▶ _Aim of the task_:
All of the data is to be printed exactly, though the images must be left off.

▶ _Given material_:
——————

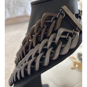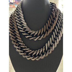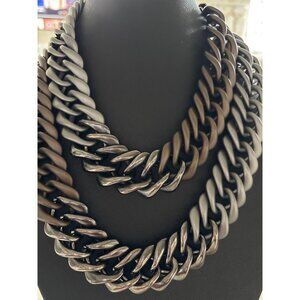 Lafayette Italy Chunky Multilayer Chain Necklace Metallic Silver & Brown Tones
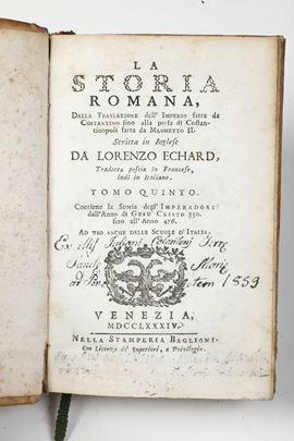 - Lorenzo Echard, La storia romana. Venezia, nella stamperia Baglioni, 1784. Scompleto, presente solo il tomo V. In-8°. Rilegatura coeva in pergamena rigida (piccole mancanze). Foxing, bruniture, macchie e note manoscritte
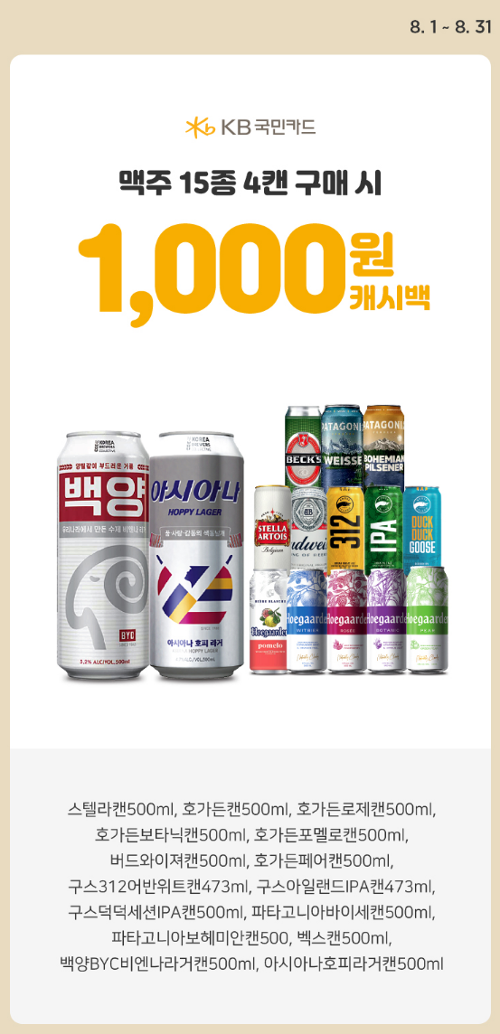 [8월 맥주 행사 KB 국민카드 결제 시 1,000원 캐시백 이벤트]
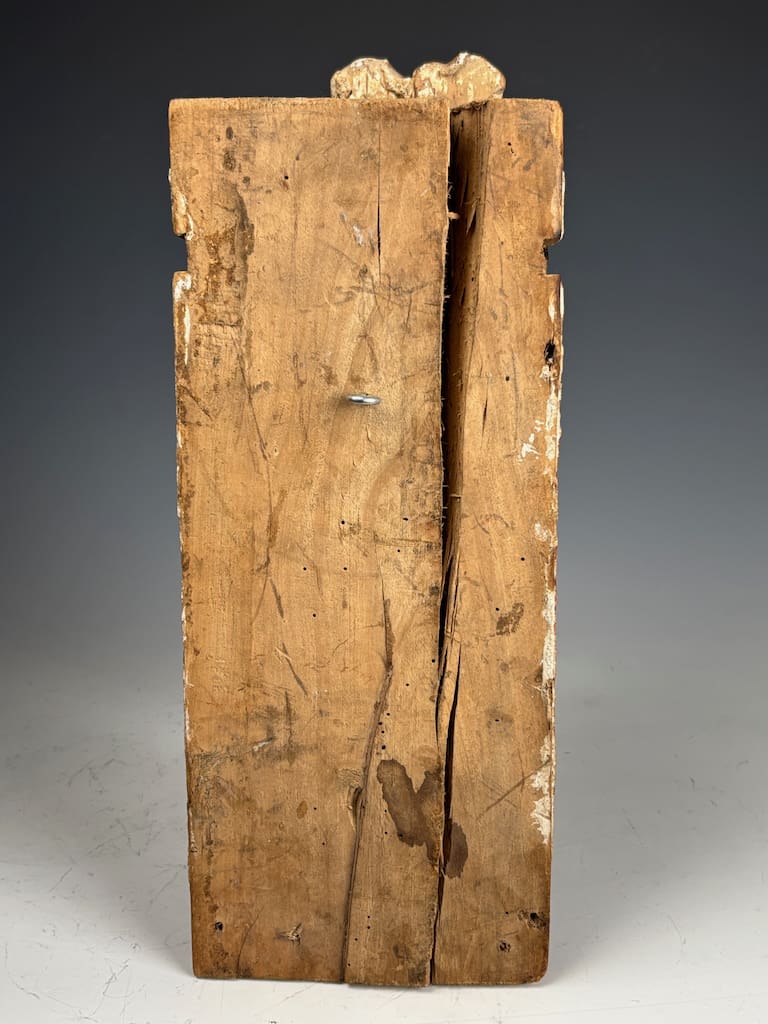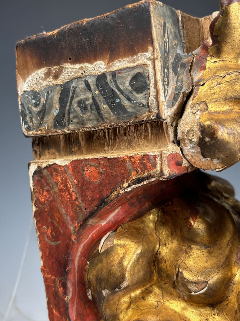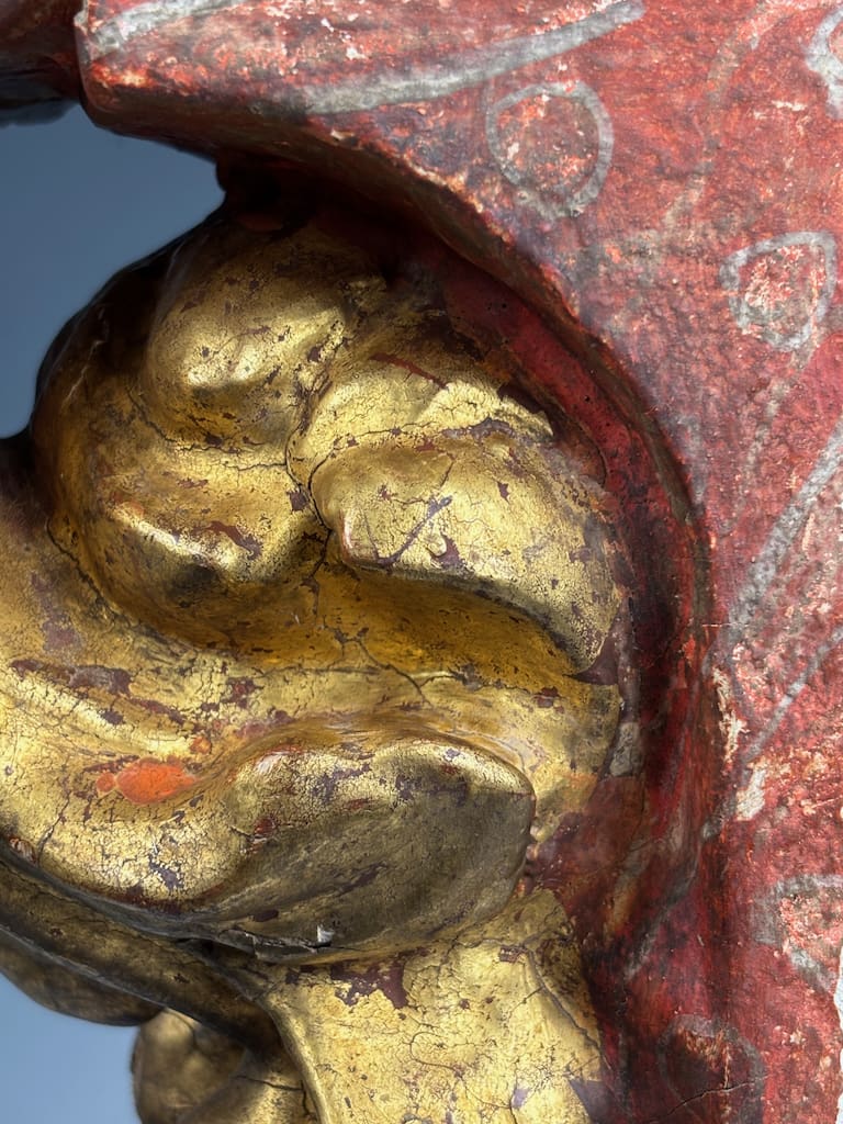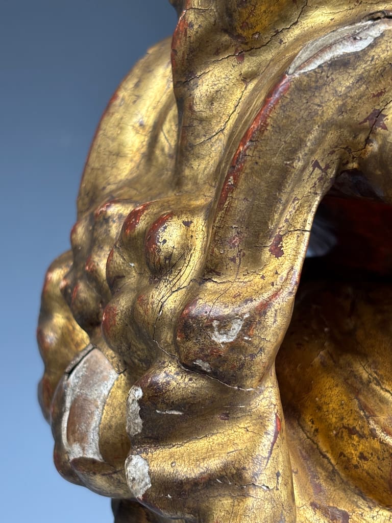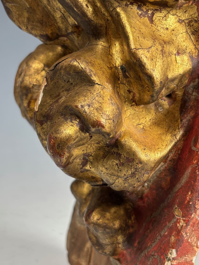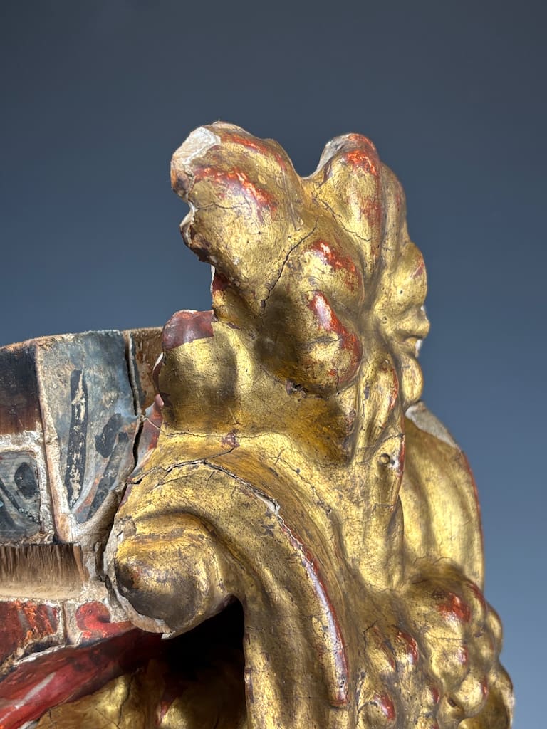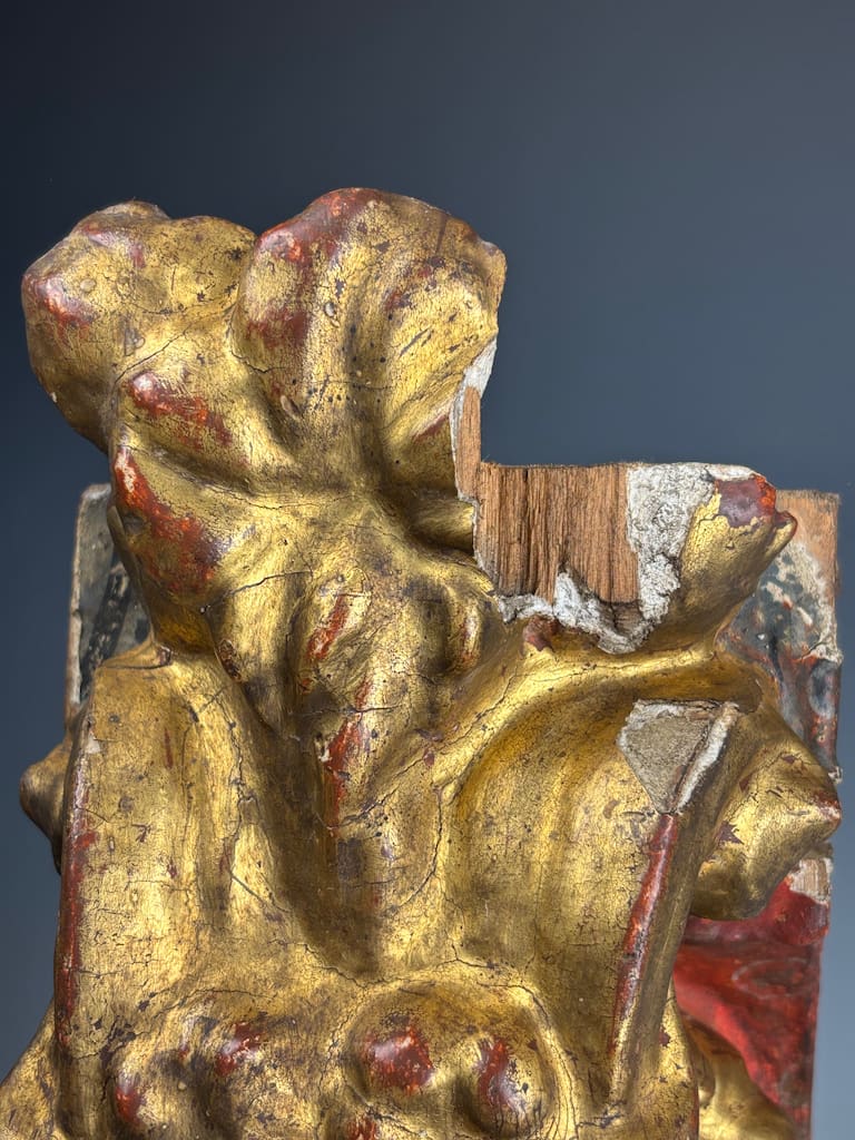 The condition is consistent with age, with areas of wear, shrinkage and old surface losses, all contributing to its historic character and authenticity. The surviving layers of gilt and polychromy lend great depth and richness, while the fragmentary nature only enhances its sculptural presence as an objet de vertu today.

——————

▶ _Response area_:
 Lafayette Italy Chunky Multilayer Chain Necklace Metallic Silver & Brown Tones
 - Lorenzo Echard, La storia romana. Venezia, nella stamperia Baglioni, 1784. Scompleto, presente solo il tomo V. In-8°. Rilegatura coeva in pergamena rigida (piccole mancanze). Foxing, bruniture, macchie e note manoscritte
 [8월 맥주 행사 KB 국민카드 결제 시 1,000원 캐시백 이벤트]
 The condition is consistent with age, with areas of wear, shrinkage and old surface losses, all contributing to its historic character and authenticity. The surviving layers of gilt and polychromy lend great depth and richness, while the fragmentary nature only enhances its sculptural presence as an objet de vertu today.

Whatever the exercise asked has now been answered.